* _Brief_
In the entries that follow, the lines from the one with "1.製鉄所周辺などで付着しや" through the one with "Photograph of a" are the ones to write out, exactly and with both ends included. Nothing else should appear.

* _Records to process_
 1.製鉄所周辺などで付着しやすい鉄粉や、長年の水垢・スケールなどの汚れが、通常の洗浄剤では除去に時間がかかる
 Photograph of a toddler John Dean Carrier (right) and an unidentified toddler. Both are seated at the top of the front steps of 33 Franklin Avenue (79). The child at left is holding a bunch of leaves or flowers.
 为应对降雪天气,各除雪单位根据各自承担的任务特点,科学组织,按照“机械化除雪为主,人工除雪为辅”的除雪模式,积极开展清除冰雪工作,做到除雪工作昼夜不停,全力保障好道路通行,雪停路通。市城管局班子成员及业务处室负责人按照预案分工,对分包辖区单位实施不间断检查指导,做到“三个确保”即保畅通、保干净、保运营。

==

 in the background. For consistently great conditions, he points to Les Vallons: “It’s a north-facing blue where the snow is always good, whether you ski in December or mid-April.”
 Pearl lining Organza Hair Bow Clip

* _Response_
 1.製鉄所周辺などで付着しやすい鉄粉や、長年の水垢・スケールなどの汚れが、通常の洗浄剤では除去に時間がかかる
 Photograph of a toddler John Dean Carrier (right) and an unidentified toddler. Both are seated at the top of the front steps of 33 Franklin Avenue (79). The child at left is holding a bunch of leaves or flowers.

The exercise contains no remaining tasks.